The answer must be an exact copy of the lines from the one with "बिर्तामोडका समाजसेवी देवीप्रसाद" through the final line of the records below, with no pictures.

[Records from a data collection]
════════════════
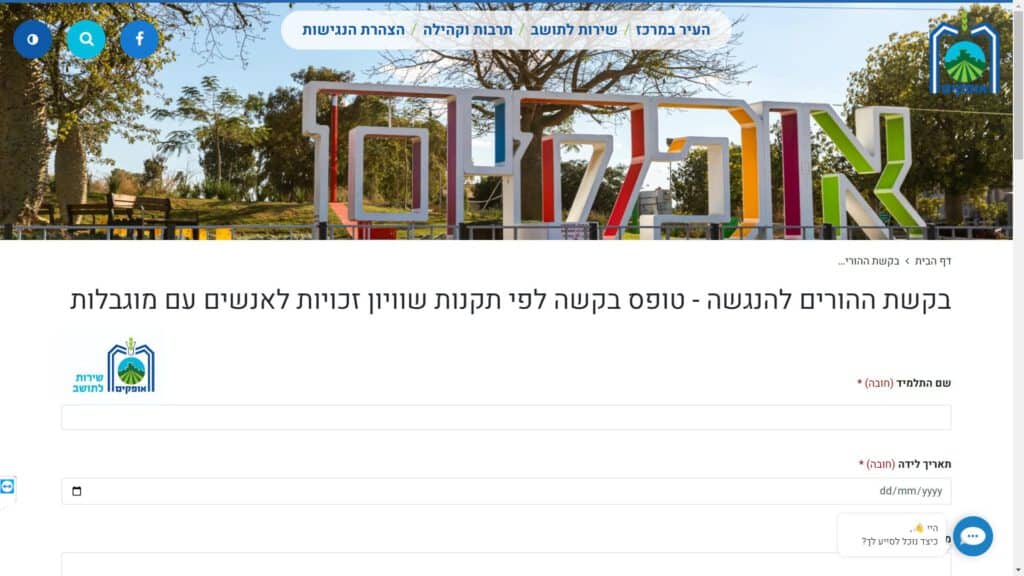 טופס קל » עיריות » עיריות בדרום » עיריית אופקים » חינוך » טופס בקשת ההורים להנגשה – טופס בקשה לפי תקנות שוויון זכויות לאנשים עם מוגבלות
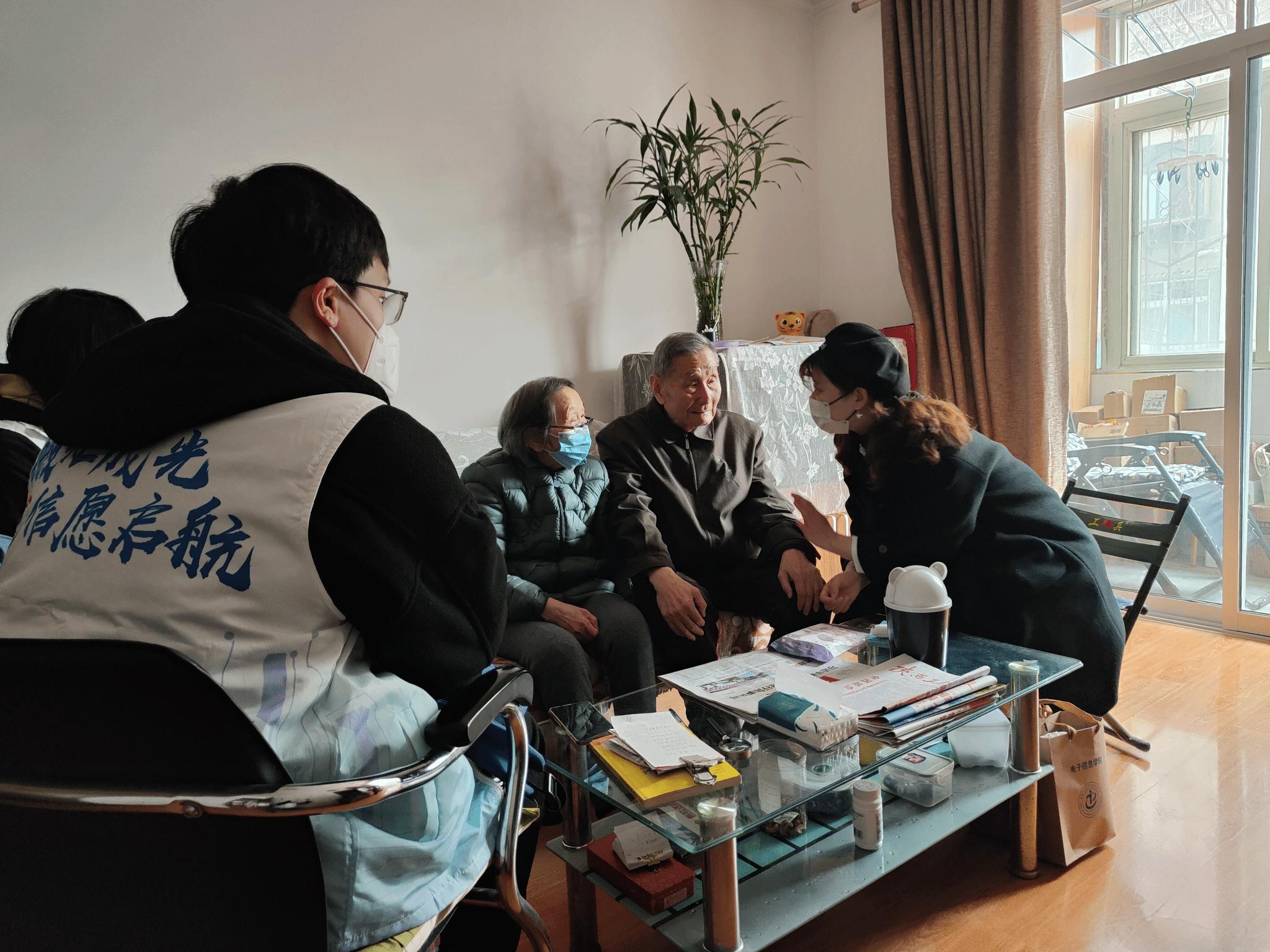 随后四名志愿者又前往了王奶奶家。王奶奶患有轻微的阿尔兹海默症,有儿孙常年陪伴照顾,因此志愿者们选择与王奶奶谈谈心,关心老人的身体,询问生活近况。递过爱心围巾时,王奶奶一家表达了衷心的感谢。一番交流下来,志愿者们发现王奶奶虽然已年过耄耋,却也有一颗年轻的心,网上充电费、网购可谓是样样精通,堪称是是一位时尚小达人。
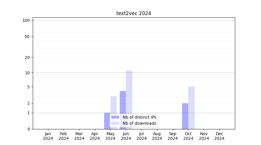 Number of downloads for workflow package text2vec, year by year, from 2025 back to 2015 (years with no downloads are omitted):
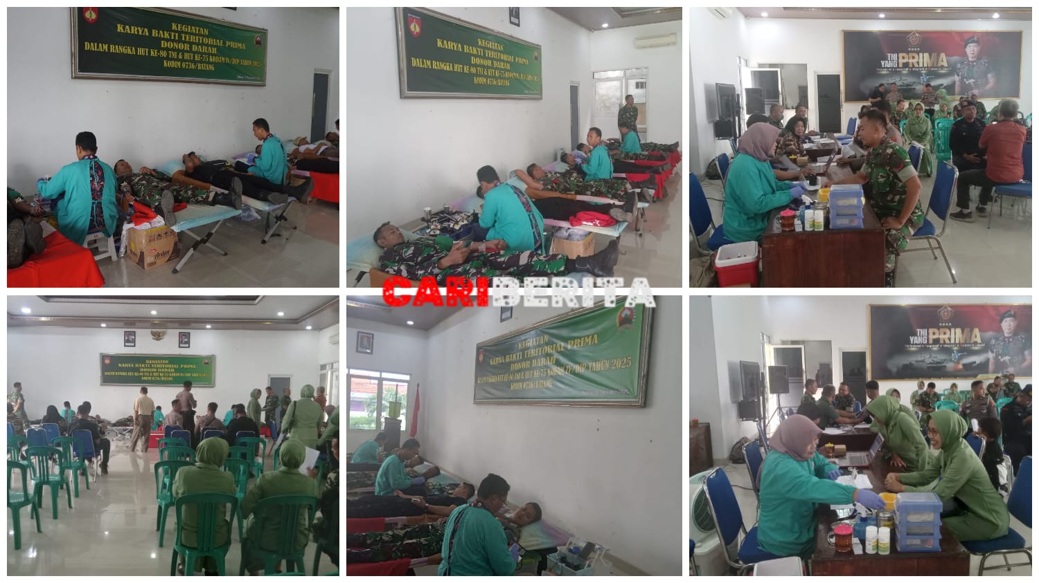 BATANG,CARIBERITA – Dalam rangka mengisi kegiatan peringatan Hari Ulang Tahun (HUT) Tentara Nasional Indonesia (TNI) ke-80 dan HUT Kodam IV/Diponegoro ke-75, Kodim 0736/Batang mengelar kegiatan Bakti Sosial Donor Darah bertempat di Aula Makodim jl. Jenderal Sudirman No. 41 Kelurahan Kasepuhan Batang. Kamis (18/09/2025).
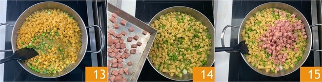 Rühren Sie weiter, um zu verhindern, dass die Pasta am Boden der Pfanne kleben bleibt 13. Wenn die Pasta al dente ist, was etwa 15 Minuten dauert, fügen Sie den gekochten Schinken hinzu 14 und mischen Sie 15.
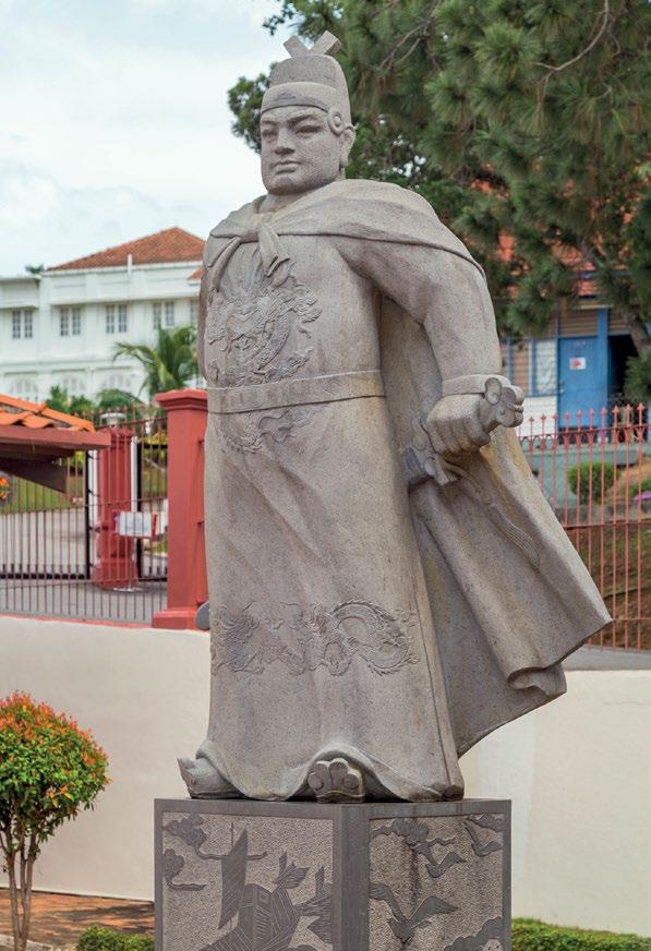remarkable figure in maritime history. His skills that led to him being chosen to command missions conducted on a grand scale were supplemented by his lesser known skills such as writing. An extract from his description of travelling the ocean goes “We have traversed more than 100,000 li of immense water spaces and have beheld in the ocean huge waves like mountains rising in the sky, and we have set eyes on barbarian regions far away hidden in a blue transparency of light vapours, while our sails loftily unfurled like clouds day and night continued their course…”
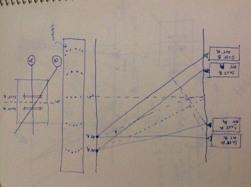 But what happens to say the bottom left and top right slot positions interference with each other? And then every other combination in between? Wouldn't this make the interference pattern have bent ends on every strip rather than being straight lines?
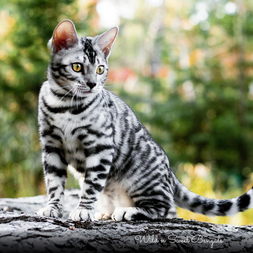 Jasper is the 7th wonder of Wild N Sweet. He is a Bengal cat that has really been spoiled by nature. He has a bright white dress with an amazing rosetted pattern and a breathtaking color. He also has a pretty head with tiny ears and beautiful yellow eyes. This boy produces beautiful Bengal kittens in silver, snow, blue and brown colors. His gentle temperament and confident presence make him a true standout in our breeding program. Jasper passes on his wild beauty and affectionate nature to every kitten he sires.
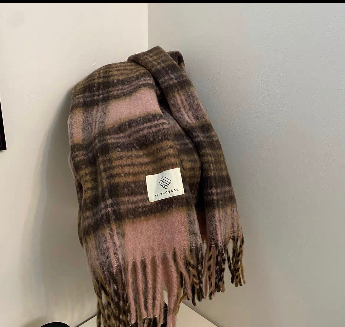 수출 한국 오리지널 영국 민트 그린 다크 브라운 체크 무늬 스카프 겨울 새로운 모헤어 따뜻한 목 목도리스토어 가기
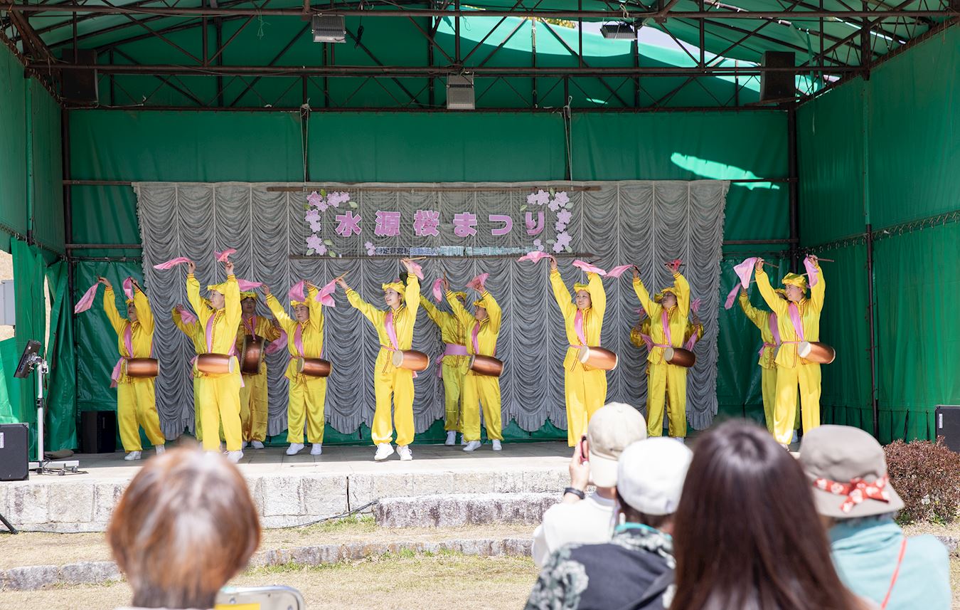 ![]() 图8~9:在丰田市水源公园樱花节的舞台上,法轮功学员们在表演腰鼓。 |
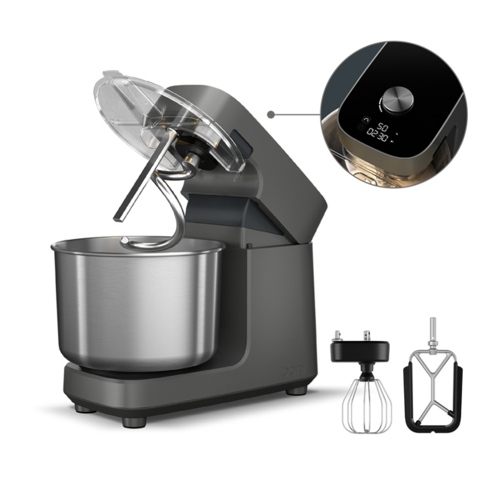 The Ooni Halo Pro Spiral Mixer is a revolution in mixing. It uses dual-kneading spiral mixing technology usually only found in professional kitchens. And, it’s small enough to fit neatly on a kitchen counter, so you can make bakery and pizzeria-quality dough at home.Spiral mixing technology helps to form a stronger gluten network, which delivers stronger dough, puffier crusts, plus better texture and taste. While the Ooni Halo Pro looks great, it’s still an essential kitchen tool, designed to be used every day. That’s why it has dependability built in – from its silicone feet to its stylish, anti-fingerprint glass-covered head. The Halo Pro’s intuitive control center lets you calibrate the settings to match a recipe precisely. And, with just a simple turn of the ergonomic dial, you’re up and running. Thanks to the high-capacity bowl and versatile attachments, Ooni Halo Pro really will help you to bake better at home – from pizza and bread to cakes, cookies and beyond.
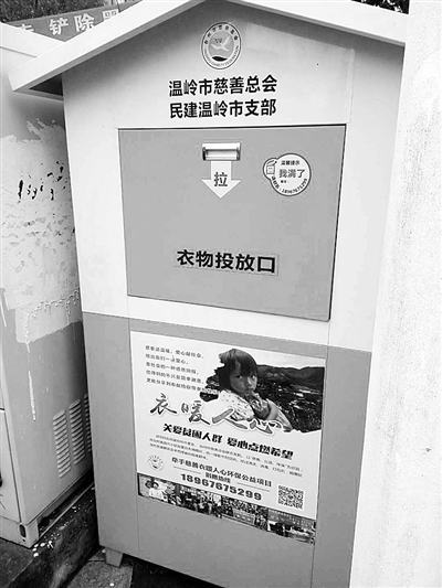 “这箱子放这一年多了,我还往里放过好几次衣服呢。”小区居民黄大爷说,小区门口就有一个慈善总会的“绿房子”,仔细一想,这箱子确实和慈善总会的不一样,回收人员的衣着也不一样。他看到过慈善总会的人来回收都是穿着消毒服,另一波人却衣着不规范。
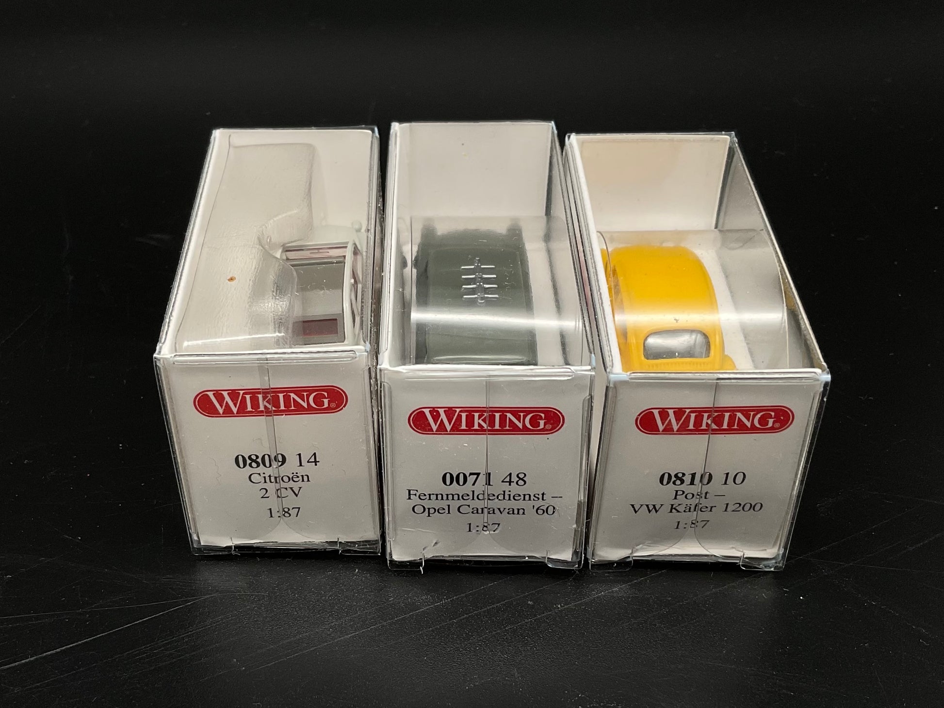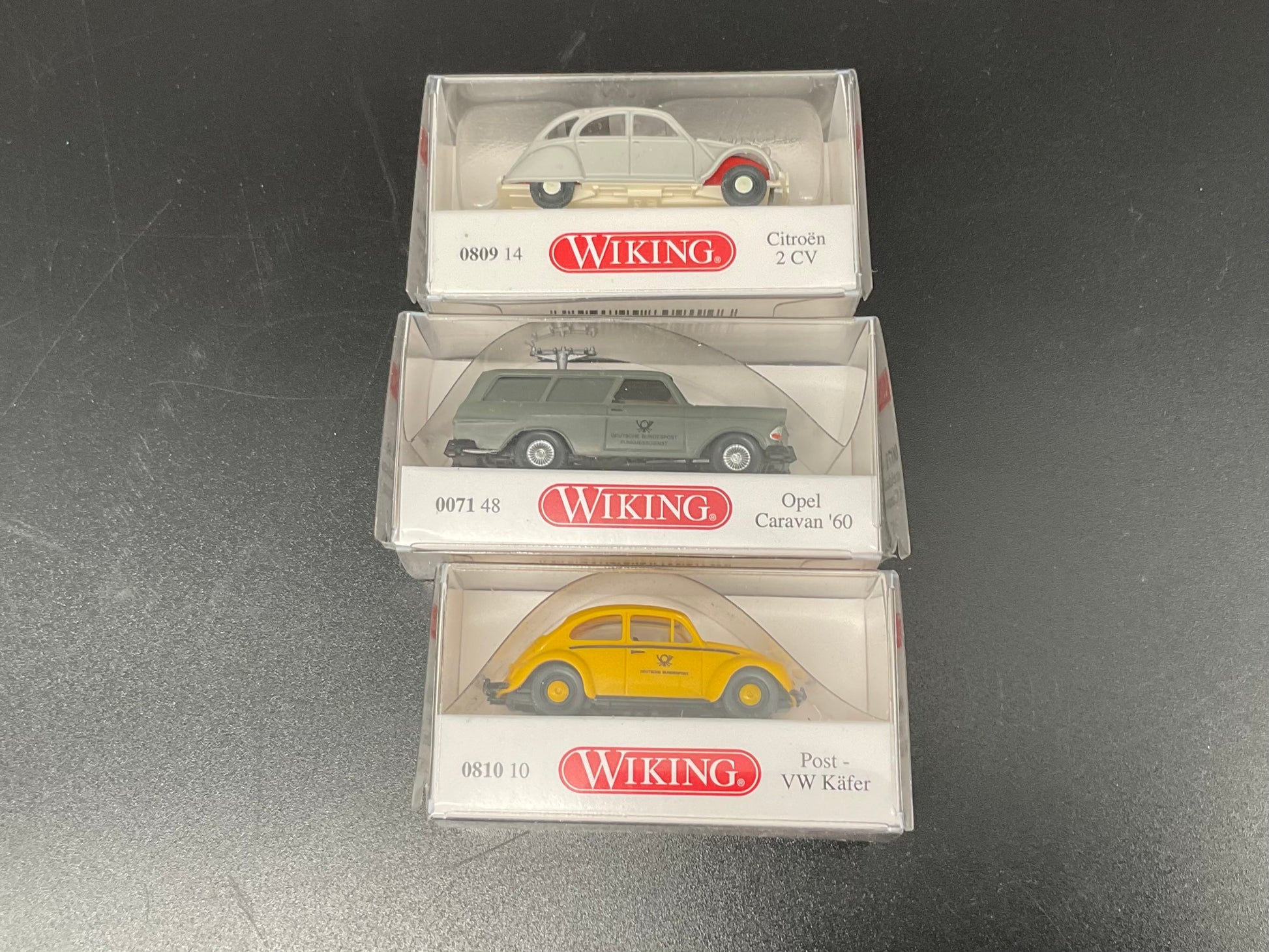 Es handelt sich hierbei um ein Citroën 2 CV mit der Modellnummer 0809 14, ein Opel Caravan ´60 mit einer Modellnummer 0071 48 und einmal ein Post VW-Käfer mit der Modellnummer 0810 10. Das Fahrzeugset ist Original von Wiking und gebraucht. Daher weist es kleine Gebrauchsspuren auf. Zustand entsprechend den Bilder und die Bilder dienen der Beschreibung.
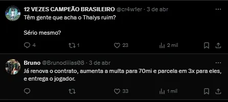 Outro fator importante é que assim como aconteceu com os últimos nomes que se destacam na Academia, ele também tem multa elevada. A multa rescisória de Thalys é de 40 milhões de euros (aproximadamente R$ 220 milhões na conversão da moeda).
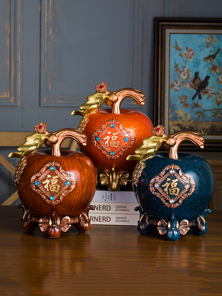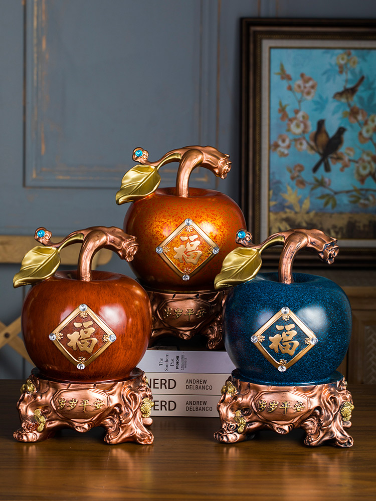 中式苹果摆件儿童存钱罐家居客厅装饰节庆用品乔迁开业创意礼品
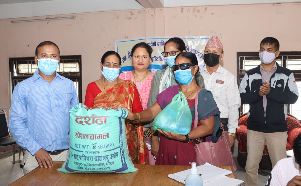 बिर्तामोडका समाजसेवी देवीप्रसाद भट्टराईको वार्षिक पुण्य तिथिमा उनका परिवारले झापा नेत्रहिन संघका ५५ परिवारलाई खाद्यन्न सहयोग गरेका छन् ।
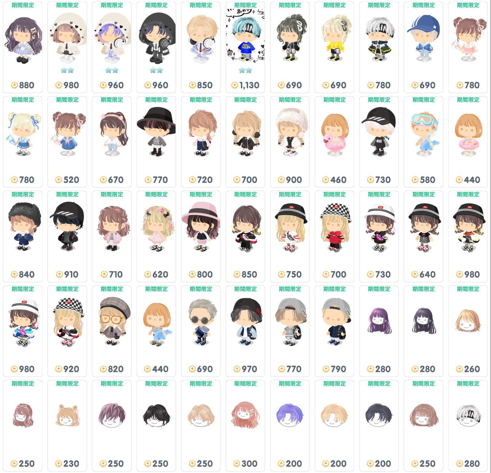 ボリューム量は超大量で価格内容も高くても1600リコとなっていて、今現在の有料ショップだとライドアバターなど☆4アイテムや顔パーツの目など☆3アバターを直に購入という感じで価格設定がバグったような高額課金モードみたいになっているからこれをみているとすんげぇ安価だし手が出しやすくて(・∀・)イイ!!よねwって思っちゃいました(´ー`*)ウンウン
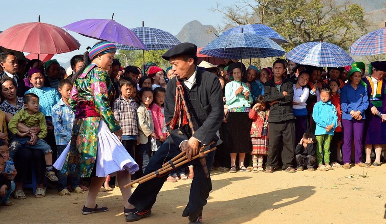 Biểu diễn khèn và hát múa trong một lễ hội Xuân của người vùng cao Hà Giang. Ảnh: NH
════════════════
● **EXERCISE OUTPUT**:
 बिर्तामोडका समाजसेवी देवीप्रसाद भट्टराईको वार्षिक पुण्य तिथिमा उनका परिवारले झापा नेत्रहिन संघका ५५ परिवारलाई खाद्यन्न सहयोग गरेका छन् ।
 ボリューム量は超大量で価格内容も高くても1600リコとなっていて、今現在の有料ショップだとライドアバターなど☆4アイテムや顔パーツの目など☆3アバターを直に購入という感じで価格設定がバグったような高額課金モードみたいになっているからこれをみているとすんげぇ安価だし手が出しやすくて(・∀・)イイ!!よねwって思っちゃいました(´ー`*)ウンウン
 Biểu diễn khèn và hát múa trong một lễ hội Xuân của người vùng cao Hà Giang. Ảnh: NH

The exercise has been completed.